- RECORD EXTRACTS -
==*==
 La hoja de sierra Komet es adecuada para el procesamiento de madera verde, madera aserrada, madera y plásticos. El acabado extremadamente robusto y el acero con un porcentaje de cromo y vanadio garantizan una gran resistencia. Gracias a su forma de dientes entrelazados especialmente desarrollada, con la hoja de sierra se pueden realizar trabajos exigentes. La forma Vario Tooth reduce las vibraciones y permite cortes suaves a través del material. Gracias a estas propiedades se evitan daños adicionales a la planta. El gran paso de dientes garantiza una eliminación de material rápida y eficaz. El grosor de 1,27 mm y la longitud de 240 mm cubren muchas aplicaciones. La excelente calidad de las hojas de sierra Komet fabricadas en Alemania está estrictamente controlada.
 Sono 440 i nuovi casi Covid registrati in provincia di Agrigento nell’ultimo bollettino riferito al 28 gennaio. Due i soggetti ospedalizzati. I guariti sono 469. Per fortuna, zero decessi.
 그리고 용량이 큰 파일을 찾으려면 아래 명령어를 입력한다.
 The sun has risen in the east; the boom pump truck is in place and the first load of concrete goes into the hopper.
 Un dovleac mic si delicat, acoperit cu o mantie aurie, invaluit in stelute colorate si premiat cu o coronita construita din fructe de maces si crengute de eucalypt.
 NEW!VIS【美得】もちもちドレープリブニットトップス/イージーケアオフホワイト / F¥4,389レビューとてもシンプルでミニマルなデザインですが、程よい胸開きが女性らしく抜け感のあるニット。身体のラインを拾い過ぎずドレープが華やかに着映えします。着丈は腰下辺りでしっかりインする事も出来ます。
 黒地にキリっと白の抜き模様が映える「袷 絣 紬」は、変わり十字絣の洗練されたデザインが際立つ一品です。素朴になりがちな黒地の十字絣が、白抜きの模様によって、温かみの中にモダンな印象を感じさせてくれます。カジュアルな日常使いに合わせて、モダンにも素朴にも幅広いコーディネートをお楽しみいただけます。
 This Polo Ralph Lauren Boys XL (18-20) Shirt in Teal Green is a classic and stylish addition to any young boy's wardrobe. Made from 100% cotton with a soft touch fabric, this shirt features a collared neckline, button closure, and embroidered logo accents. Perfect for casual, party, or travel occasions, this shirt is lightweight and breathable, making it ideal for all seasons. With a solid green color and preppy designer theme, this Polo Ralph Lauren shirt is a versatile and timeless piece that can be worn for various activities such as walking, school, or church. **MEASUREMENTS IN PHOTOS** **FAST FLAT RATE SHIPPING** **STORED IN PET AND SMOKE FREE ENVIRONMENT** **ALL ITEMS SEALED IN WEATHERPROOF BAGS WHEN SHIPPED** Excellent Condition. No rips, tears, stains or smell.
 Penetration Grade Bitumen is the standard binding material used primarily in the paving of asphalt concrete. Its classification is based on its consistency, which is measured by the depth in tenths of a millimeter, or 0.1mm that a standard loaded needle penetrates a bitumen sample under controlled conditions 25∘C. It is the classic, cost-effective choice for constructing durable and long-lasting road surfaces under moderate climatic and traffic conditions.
==*==
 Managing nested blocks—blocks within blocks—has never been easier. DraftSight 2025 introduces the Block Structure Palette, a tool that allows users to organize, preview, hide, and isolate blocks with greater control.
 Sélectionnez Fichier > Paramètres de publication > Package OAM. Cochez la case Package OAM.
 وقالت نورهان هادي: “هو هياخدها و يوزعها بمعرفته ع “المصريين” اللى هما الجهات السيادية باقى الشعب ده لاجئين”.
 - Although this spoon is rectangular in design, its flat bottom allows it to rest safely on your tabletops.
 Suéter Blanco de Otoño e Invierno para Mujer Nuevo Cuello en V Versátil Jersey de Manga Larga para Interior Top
==*==
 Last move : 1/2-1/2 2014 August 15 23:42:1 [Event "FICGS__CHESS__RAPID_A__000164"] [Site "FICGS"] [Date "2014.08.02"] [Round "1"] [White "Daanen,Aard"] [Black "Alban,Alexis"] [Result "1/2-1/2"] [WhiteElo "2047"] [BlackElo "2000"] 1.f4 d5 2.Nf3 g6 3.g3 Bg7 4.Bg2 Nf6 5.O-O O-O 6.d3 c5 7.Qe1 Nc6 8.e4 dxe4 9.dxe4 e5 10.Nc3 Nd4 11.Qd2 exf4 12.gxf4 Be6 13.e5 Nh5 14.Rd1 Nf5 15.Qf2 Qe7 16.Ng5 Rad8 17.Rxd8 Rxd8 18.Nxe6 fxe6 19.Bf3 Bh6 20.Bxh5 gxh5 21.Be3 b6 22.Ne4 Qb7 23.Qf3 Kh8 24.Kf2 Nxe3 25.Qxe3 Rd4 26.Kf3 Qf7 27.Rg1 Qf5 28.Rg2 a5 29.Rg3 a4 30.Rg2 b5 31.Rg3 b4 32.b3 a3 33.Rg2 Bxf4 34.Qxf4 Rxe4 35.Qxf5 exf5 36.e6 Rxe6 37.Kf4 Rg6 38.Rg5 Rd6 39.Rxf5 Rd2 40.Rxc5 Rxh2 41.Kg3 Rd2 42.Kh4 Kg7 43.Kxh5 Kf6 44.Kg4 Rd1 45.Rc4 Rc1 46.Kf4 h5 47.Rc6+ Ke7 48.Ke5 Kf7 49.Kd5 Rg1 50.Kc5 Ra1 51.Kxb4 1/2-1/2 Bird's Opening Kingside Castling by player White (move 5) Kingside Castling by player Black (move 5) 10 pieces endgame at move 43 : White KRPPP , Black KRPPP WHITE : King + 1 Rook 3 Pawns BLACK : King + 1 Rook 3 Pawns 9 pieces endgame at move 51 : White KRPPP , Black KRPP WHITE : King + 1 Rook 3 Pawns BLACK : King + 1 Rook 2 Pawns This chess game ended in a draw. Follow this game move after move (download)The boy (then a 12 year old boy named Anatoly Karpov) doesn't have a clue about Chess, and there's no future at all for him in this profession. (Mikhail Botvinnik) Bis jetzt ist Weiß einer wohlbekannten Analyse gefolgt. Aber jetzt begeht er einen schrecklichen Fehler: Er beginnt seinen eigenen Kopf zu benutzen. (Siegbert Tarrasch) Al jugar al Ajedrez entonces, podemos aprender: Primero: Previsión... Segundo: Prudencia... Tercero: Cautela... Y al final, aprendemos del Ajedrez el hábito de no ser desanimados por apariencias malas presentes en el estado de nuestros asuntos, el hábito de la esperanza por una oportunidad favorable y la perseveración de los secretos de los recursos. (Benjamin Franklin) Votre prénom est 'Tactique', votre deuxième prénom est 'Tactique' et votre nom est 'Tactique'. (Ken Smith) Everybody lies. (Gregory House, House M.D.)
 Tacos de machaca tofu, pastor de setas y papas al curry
==*==
If the word "allows" is on a line above, return that line.

- OUTPUT FOR THIS TASK -
 Managing nested blocks—blocks within blocks—has never been easier. DraftSight 2025 introduces the Block Structure Palette, a tool that allows users to organize, preview, hide, and isolate blocks with greater control.
 - Although this spoon is rectangular in design, its flat bottom allows it to rest safely on your tabletops.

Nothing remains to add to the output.